Noise reduction in MR angiography with nonlinear anisotropic filtering.

Abstract

To evaluate three-dimensional nonlinear anisotropic filtering in suppressing image noise in high spatial resolution magnetic resonance angiograms (MRA) acquired with hybrid undersampled projection reconstruction and phase contrast vastly undersampled isotropic projection reconstruction (PC-VIPR). Three-dimensional nonlinear anisotropic filtering was quantitatively analyzed and evaluated through the measurement of contrast to noise ratio (CNR) in PC-VIPR images and contrast enhanced peripheral MRA images. To filter MRA images with ultra-high spatial resolution and poor CNR, a spatial frequency dependent nonlinear anisotropic filtering algorithm was proposed that uses two-step processing to filter the whole spatial frequency data.

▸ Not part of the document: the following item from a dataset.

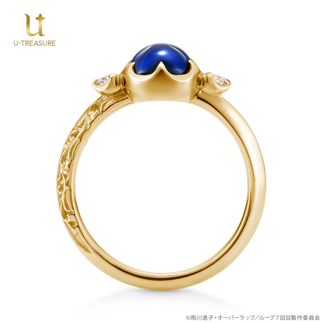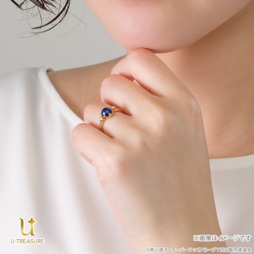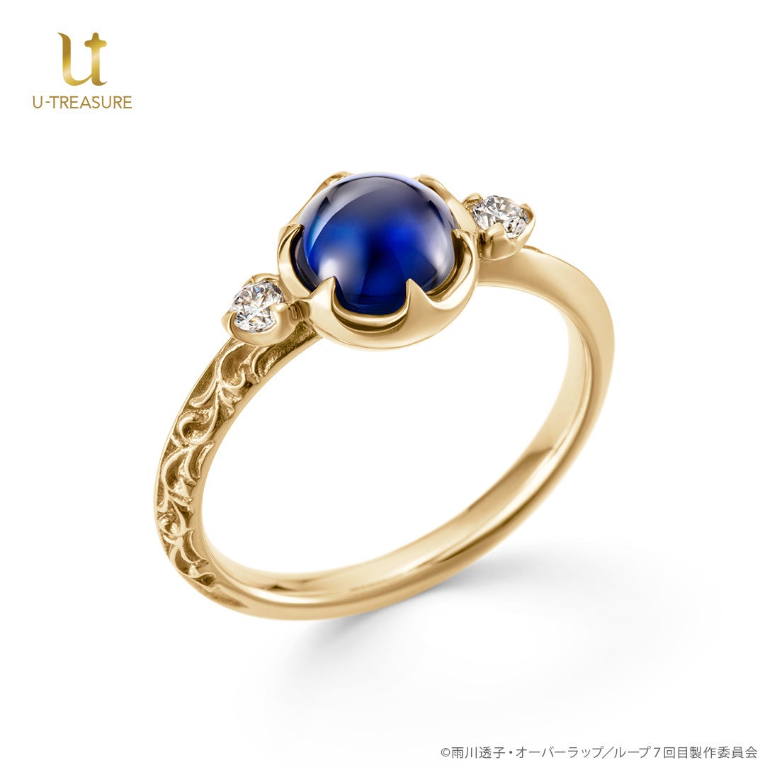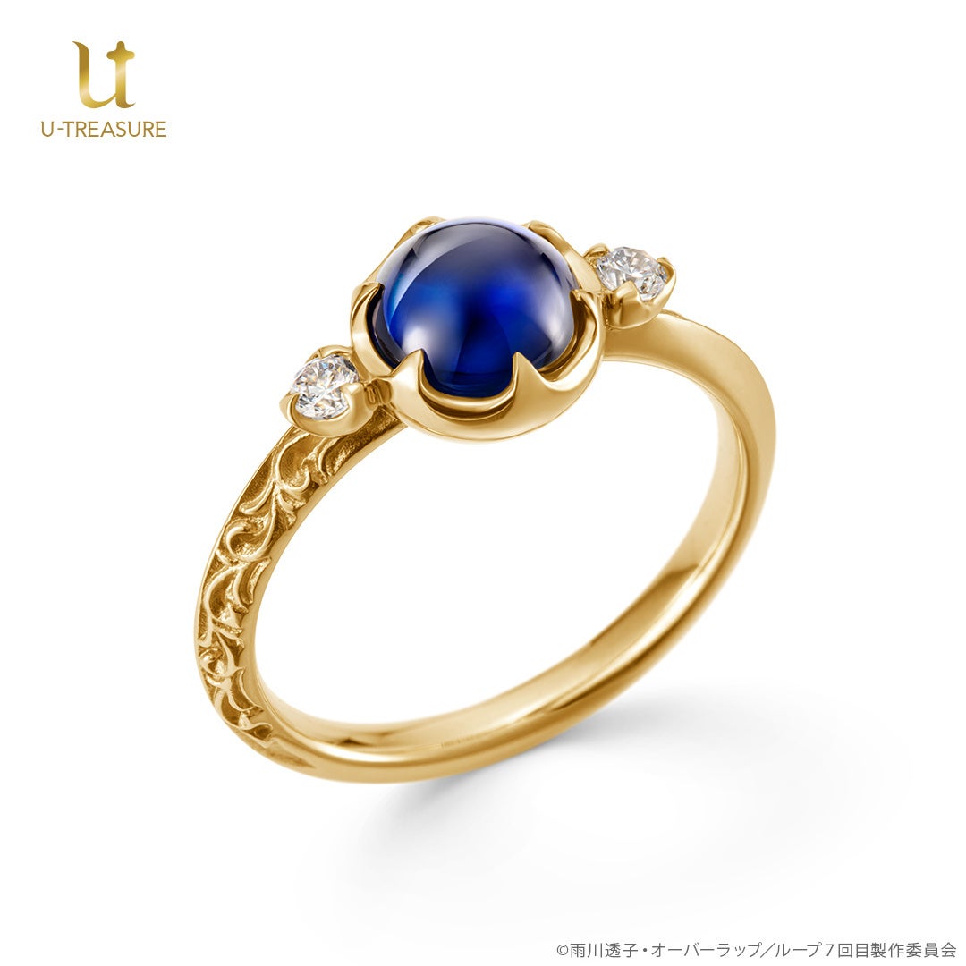 このたびの新作は、『アルノルト・ハイン』が主人公『リーシェ・イルムガルド・ヴェルツナー』に贈った婚約指輪を公式監修のもとデザイン設定を参考に忠実に再現したリング(指輪)です。センターストーンは『アルノルト』の青い瞳の色を表現するため、今回オリジナルの合成サファイアの作製を行いました。リングのケースまでデザイン設定に沿った特別な逸品です。

Three-dimensional nonlinear anisotropic filtering was shown to be effective in suppressing noise and improving CNR in MRA with isotropic spatial resolution. Higher CNR was achieved using spatial frequency dependent nonlinear anisotropic filtering. A typical CNR gain of between 50-100% was shown in our studies. Three-dimensional nonlinear anisotropic filtering significantly improved CNR in MRA images with isotropic spatial resolution. Spatial frequency dependent nonlinear anisotropic filtering further improved CNR for MRA images with ultra-high spatial resolution and low CNR.